(INPUT FOR THIS TASK begins)
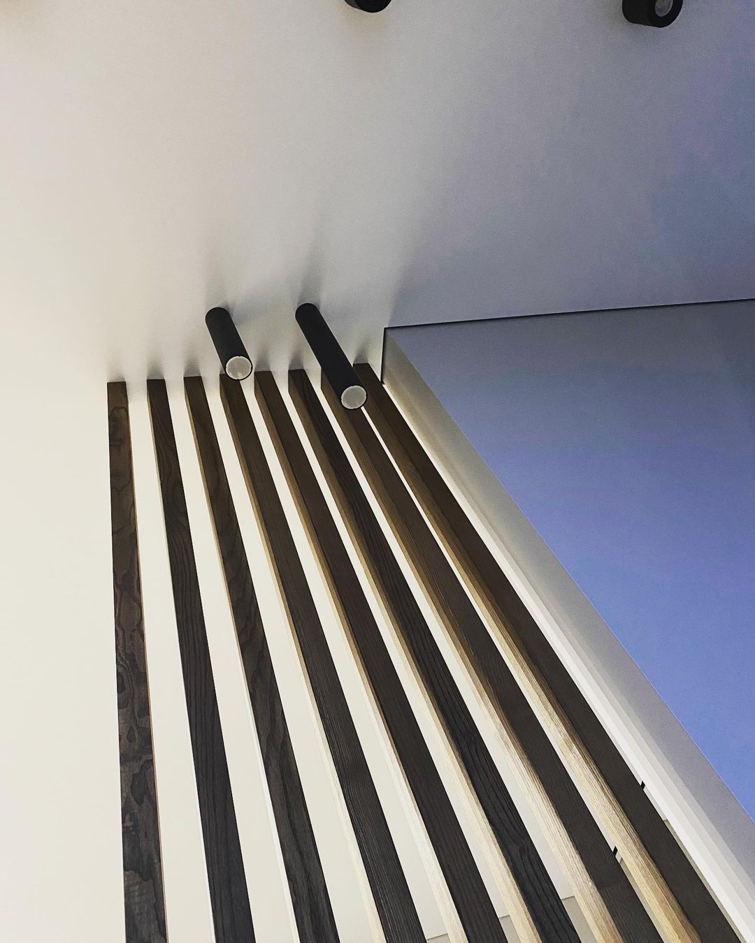 Легкие алюминиевые профили, которые позволяют изготавливать криволинейные участки в горизонтальной и вертикальной плоскостях. Световые линии как основной источник света! Использованы такие решения:
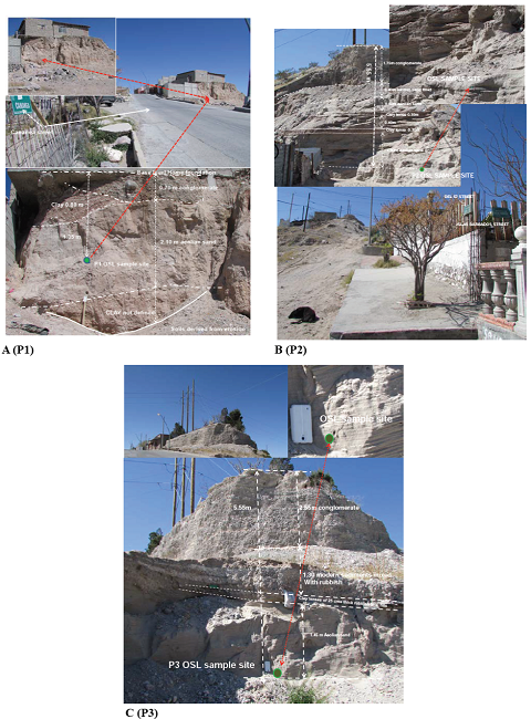 As noted above, a key problem in fan analysis is that the system has been dissected and extensively covered by the modern development of Ciudad Juárez. Determining detailed geometric relationships between the various parts of the fans is effectively impossible. However, it is expected that the uppermost exposed deposits at any site will provide the best opportunity to assemble age data for more recent fan evolution. Consistency of the material was achieved by sampling of aeolian sands at all the three sites. In each outcrop location, the local stratigraphy shows that the sands sampled for OSL dating are overlain by conglomerates (see Figures 3A-C) so episodes of aeolian deposition were followed by renewed fan building activity. The three sample sites help to constrain the overall general history of the alluvial fans but are specifically tied to the CAF, which was selected in order to understand the most recent history of the fan system. Therefore, aeolian layers should be the best candidates for a complete bleaching during the depositional processes and would function as proxies for arid or windy period. Samples were collected at the following sites on the CAF (see Figure 2):
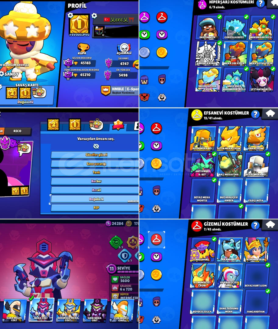 Hesap fotolarda var zaten 2019 hesabıdır 7k 3v3 vardir hesapta 275 kostüm var tam koleksiyon hesabi DÜNYA ŞÖHRETİD&...
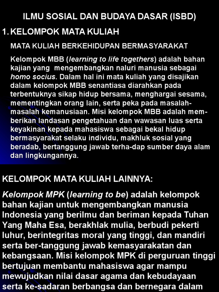 Ilmu Sosial Budaya Dasar) - .Memberikan pengetahuan dan wawasan …
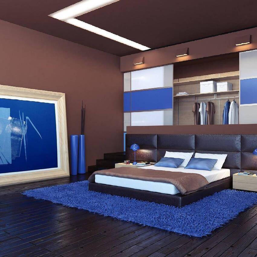 Синий. Сине-черный, лазурный, сапфировый, ультрамариновый — цвета моря или ночного неба. В сочетании с белым создают эффектный контрастный тандем, со светло-синим — природный, успокаивающий дизайн спальни в темных тонах.
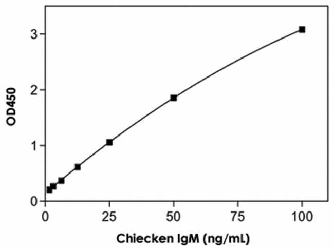 IgM (Chicken) ELISA Kit is an enzyme immunoassay for the quantitative determination of IgM in chicken serum, plasma or egg-yolk extractsQuantificatio
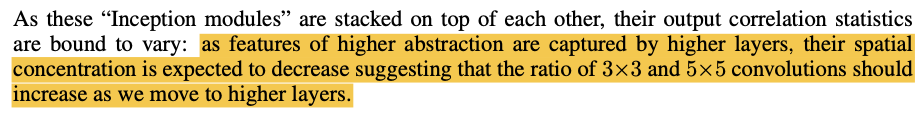 3x3, 5x5 filter는 조금 더 넓은 범위에서의 Correlation(상관관계)를 확인할 수 있기 때문에 조금 더 추상적인 내용을 담고 있는 higher layer에서는 위 두 필터의 사용 빈도가 늘어나게 된다.
(INPUT FOR THIS TASK ends)
TASK PROMPT » Please give back all the records above word for word, with no pictures included.

EXERCISE RESULT »
 Легкие алюминиевые профили, которые позволяют изготавливать криволинейные участки в горизонтальной и вертикальной плоскостях. Световые линии как основной источник света! Использованы такие решения:
 As noted above, a key problem in fan analysis is that the system has been dissected and extensively covered by the modern development of Ciudad Juárez. Determining detailed geometric relationships between the various parts of the fans is effectively impossible. However, it is expected that the uppermost exposed deposits at any site will provide the best opportunity to assemble age data for more recent fan evolution. Consistency of the material was achieved by sampling of aeolian sands at all the three sites. In each outcrop location, the local stratigraphy shows that the sands sampled for OSL dating are overlain by conglomerates (see Figures 3A-C) so episodes of aeolian deposition were followed by renewed fan building activity. The three sample sites help to constrain the overall general history of the alluvial fans but are specifically tied to the CAF, which was selected in order to understand the most recent history of the fan system. Therefore, aeolian layers should be the best candidates for a complete bleaching during the depositional processes and would function as proxies for arid or windy period. Samples were collected at the following sites on the CAF (see Figure 2):
 Hesap fotolarda var zaten 2019 hesabıdır 7k 3v3 vardir hesapta 275 kostüm var tam koleksiyon hesabi DÜNYA ŞÖHRETİD&...
 Ilmu Sosial Budaya Dasar) - .Memberikan pengetahuan dan wawasan …
 Синий. Сине-черный, лазурный, сапфировый, ультрамариновый — цвета моря или ночного неба. В сочетании с белым создают эффектный контрастный тандем, со светло-синим — природный, успокаивающий дизайн спальни в темных тонах.
 IgM (Chicken) ELISA Kit is an enzyme immunoassay for the quantitative determination of IgM in chicken serum, plasma or egg-yolk extractsQuantificatio
 3x3, 5x5 filter는 조금 더 넓은 범위에서의 Correlation(상관관계)를 확인할 수 있기 때문에 조금 더 추상적인 내용을 담고 있는 higher layer에서는 위 두 필터의 사용 빈도가 늘어나게 된다.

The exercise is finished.